▸ **Exercise brief**
The reply to the records below should contain exactly the lines from the line with "7つ下のこよりと結婚した涼太" through the line with "骑马的警察在9月25日朝着Neurath的燃煤电厂望去。", and nothing besides.
(Beginning of Material shown)
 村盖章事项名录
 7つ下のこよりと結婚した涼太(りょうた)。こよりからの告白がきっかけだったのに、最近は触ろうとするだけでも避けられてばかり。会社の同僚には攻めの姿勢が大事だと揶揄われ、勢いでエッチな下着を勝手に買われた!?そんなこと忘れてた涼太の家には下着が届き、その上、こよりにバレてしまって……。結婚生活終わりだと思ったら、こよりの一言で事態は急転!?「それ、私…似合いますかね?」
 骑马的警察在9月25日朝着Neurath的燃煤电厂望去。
(End of Material shown)
(Beginning of Material shown)
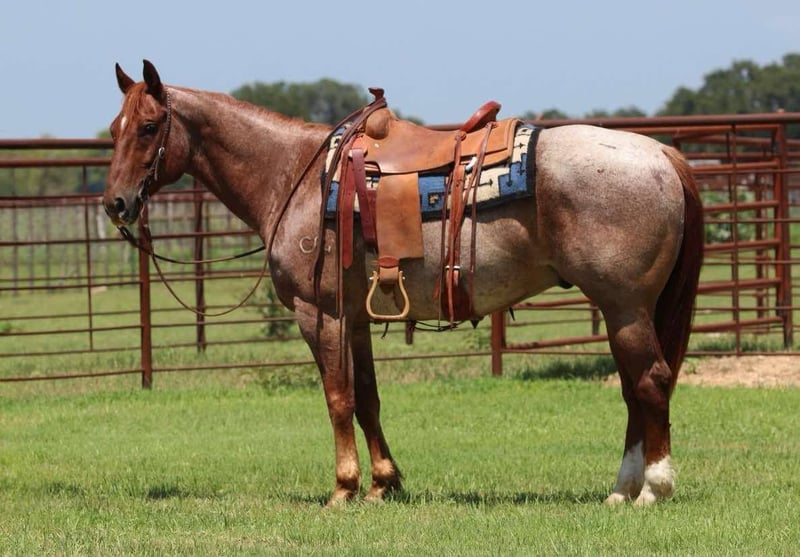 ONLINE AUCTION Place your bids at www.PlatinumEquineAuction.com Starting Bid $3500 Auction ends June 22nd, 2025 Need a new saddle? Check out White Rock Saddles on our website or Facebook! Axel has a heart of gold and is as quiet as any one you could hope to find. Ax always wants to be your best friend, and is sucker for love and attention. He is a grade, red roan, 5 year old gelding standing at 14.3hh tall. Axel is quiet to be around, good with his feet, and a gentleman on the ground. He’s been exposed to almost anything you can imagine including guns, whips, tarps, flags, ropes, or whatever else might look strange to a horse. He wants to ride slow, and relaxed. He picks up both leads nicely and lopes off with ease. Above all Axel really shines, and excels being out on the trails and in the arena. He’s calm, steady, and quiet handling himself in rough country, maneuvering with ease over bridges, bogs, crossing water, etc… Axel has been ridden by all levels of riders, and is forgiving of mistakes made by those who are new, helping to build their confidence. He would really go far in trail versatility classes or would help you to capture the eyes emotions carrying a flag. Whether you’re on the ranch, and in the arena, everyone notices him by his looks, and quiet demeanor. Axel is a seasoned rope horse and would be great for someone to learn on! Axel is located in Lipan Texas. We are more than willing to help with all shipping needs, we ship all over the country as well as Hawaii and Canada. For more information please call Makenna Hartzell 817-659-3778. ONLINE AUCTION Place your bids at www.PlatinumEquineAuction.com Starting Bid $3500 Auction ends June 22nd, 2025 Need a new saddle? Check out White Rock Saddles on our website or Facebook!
(End of Material shown)
▸ **Written reply**
 7つ下のこよりと結婚した涼太(りょうた)。こよりからの告白がきっかけだったのに、最近は触ろうとするだけでも避けられてばかり。会社の同僚には攻めの姿勢が大事だと揶揄われ、勢いでエッチな下着を勝手に買われた!?そんなこと忘れてた涼太の家には下着が届き、その上、こよりにバレてしまって……。結婚生活終わりだと思ったら、こよりの一言で事態は急転!?「それ、私…似合いますかね?」
 骑马的警察在9月25日朝着Neurath的燃煤电厂望去。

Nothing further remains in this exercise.